The main contribution of this paper is an understanding of the extent to which disturbing feedback requests affect users’ QoEs, which is an area that has been largely overlooked in previous research. Meanwhile, based on users’ subjective reasoning for being disturbed by the feedback tool, we propose a feedback request model, which parametrizes the characteristics of the feedback request. Finally, we discover whether feedback tools can be used to capture the disturbances of the feedback requests. The findings in this study will guide researchers and practitioners in designing user feedback mechanisms to collect informative user feedback, which will assist in enhancing software engineering activities, such as requirement engineering, user-based software development, and the validation of software products.

The remainder of the paper is structured as follows: Sect. 2 provides an overview of the study background and related work. Section 3 describes the research questions, the research methodology, and the threats to validity. Section 4 describes the results and the analysis used to answer the research questions. Section 5 discusses the results. Section 6 summarizes and concludes the paper.

User feedback reflects information about users’ perception of the quality of a software product. Such perceptions can result in positive feelings such as delight, engagement, pleasure, satisfaction, and happiness or negative feelings such as disengagement, dissatisfaction, sadness, or even combinations of the feelings. The perception differs based on the users’ expectations (Szajna and Scamell 1993) in different social contexts (Van der Ham et al. 2014).

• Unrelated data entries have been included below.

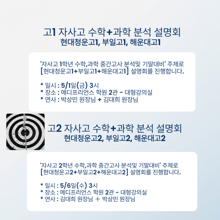 > 중간고사를 마친후 [ 자사고 수학+ 과학 분석설명회와 기말대비 ] 라는 주제로 설명회를 진행합니다 >학년별로 다르게 진행되오니 네이버폼으로 예약해주시기 바랍니다 https://form.naver.com/response/wEc1df0nlqoXOif_Fi https://form.naver.com/response/oGqsjii3qj7_MSLcUI <img src="https://blogthumb.pstatic.net/MjAyNjA0MjRfMjkg/MDAxNzc3MDEzMDI0NTY0.krc690uaIxqawLQt6RDYBxNazLySr5Kj14C4Tk1IDQkg.JfH5FIQVN0Qde-AOs3l94mECuBL6pfBdPS5WBeRMLtMg.PNG/%C1%A6%B8%F1%C0%BB_%C0%D4%B7%C2%C7%D8%C1%D6%BC%BC%BF%E4._%2813%29.png?type=s3" />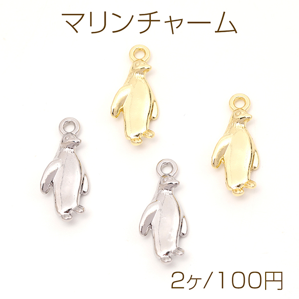 マリンチャーム ペンギンモチーフ 海の生き物チャーム 立体メタルチャーム 1カン 約10×23mm (2ヶ)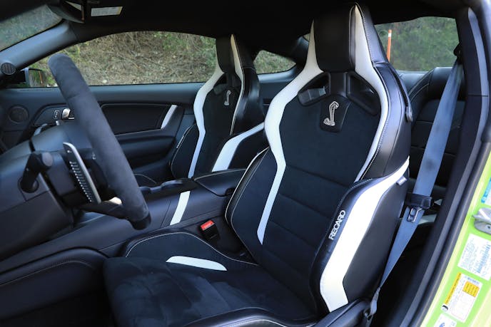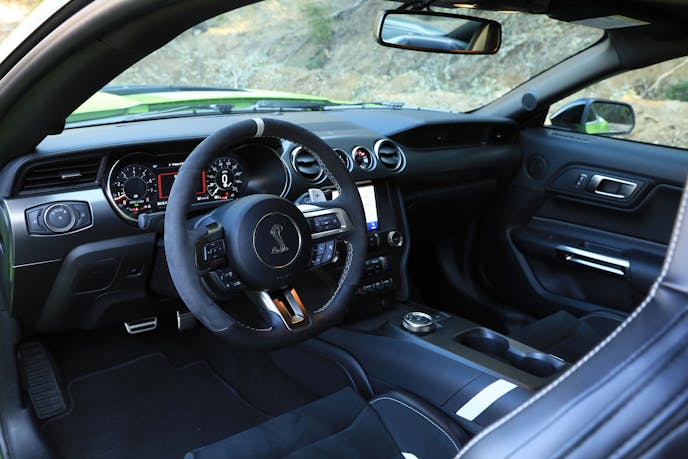 Venturing out onto LA’s busy, pock-marked streets quickly reveals some clear distinctions between the GT500 and the GT350R we spent time with a few years back. The latter’s track-tuned suspension and wide Michelin Pilot Sport Cup 2 tires paid dividends on a good mountain road, but the car’s brittle ride quality and eagerness to tramline quickly wore on our nerves during normal driving.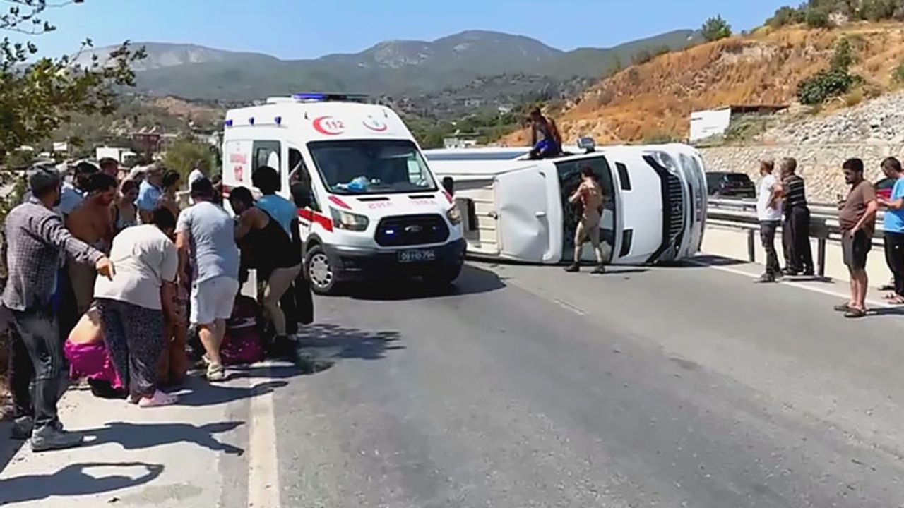Aydın'ın Söke ilçesinde turistleri taşıyan tur midibüsünün devrilmesi sonucu meydana gelen kazada ilk belirlemelere göre 7 kişi yaralandı.

User feedback is captured in written, verbal, and multimedia formats directly from users or indirectly through the interpretation of users’ activities. A questionnaire is an example of methods gathering data in the written format by questioning user feedback. The user feedback can be collected through a long questionnaire (Herzog and Bachman 1981) capturing more data rather than a short questionnaire (Kim et al. 2008) capturing fewer data but from many users. The short questionnaire can be paper-based or online-based forms. The short questionnaire may also be triggered (Froehlich et al. 2007) regularly or at a particular moment of experiencing a prototype or a released product. The annotating method is another example of written user feedback that users provide comments or rates for snippets of an image (Ames and Naaman 2007) or a video (Fricker et al. 2015) when the users have some opinions to share. The interview (Ahtinen et al. 2009) is an example of methods gathering verbal user feedback. The user feedback can also be recorded in the form of a multimedia such as an audio or a video. User sketch method (Tohidi et al. 2006) is an example of methods for collecting the activity-based user feedback. A user feedback tool includes one or multiple user feedback mechanism(s) implementing one or multiple user feedback methods respectively for collecting user feedback.

The feedback is collected in the form of qualitative or quantitative measures. A qualitative measure provides a verbal and comparative description of the users’ opinions. A quantitative measure is a numerical form of data that is usually referred to a number. Mean Opinion Score (MOS) is a known quantitative metric usually scaled ordinal between 5 and 1 (excellent, good, fair, bad, poor) that subjects assign to their opinion (ITU-T 2003) to measure Quality of Experience (QoE).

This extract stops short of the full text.